Reproduce each line below precisely. Drop the pictures.

-- Collected data --
-.-.-

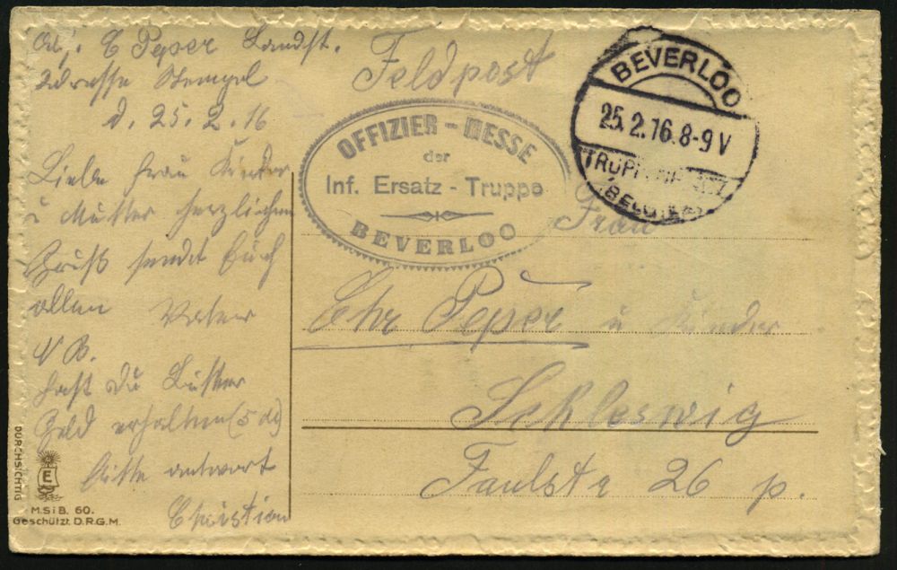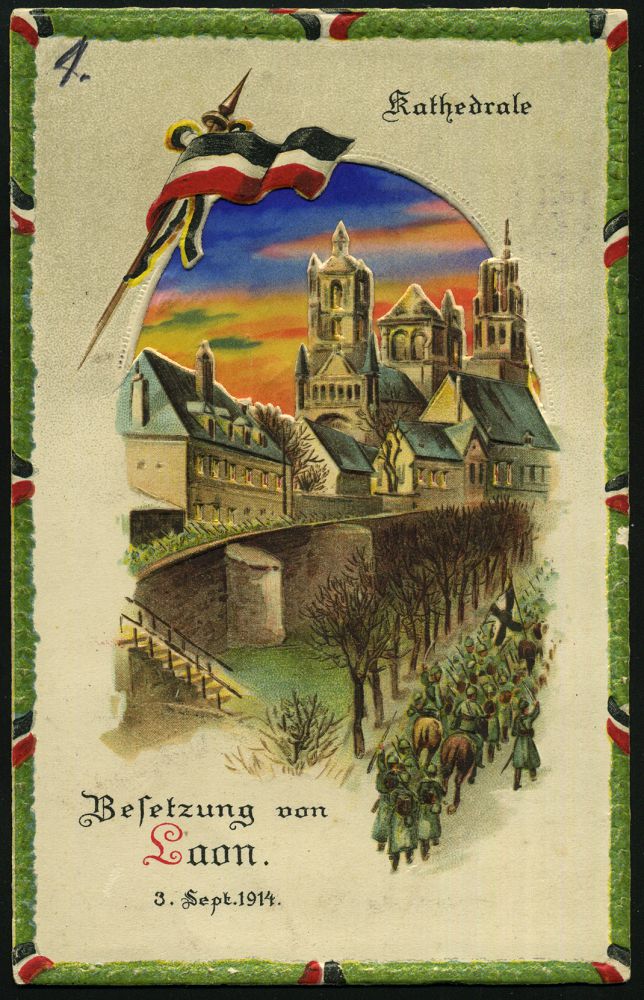 336 | 25 € | TRUPPENÜBUNGSPLÄTZE bis 1918 : DT.BES.BELGIEN 1916 (25.2.) 1K-Brücke: BEVERLOO/TRUPPENPLATZ/(BELGIEN) (gering undeutl.) + viol. Oval-HdN.: OFFIZIER-MESSE/der/Inf.Ers.-Truppe/ BEVERLOO auf dekorat., patriot. Colorlitho-Relief-Ak.: Besetzung von Laon 3. September/ Kathedrale = "Halte-gegen-das-Licht"- Feldpost-Kt. (n. Schleswig) | ![]() ![]() | |
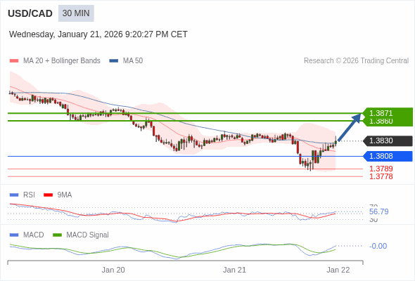 美元/加元 当日内 : 看涨,当 1.3808 未被跌破。
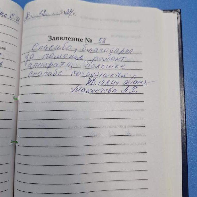 Спасибо! Благодарна за помощь, ремонт аппарата, большое спасибо сотрудникам. 20.12.2-24г. Макеечева Л.П.

-.-.-

-- Answer box --
 336 | 25 € | TRUPPENÜBUNGSPLÄTZE bis 1918 : DT.BES.BELGIEN 1916 (25.2.) 1K-Brücke: BEVERLOO/TRUPPENPLATZ/(BELGIEN) (gering undeutl.) + viol. Oval-HdN.: OFFIZIER-MESSE/der/Inf.Ers.-Truppe/ BEVERLOO auf dekorat., patriot. Colorlitho-Relief-Ak.: Besetzung von Laon 3. September/ Kathedrale = "Halte-gegen-das-Licht"- Feldpost-Kt. (n. Schleswig) | ![]() ![]() | |
 美元/加元 当日内 : 看涨,当 1.3808 未被跌破。
 Спасибо! Благодарна за помощь, ремонт аппарата, большое спасибо сотрудникам. 20.12.2-24г. Макеечева Л.П.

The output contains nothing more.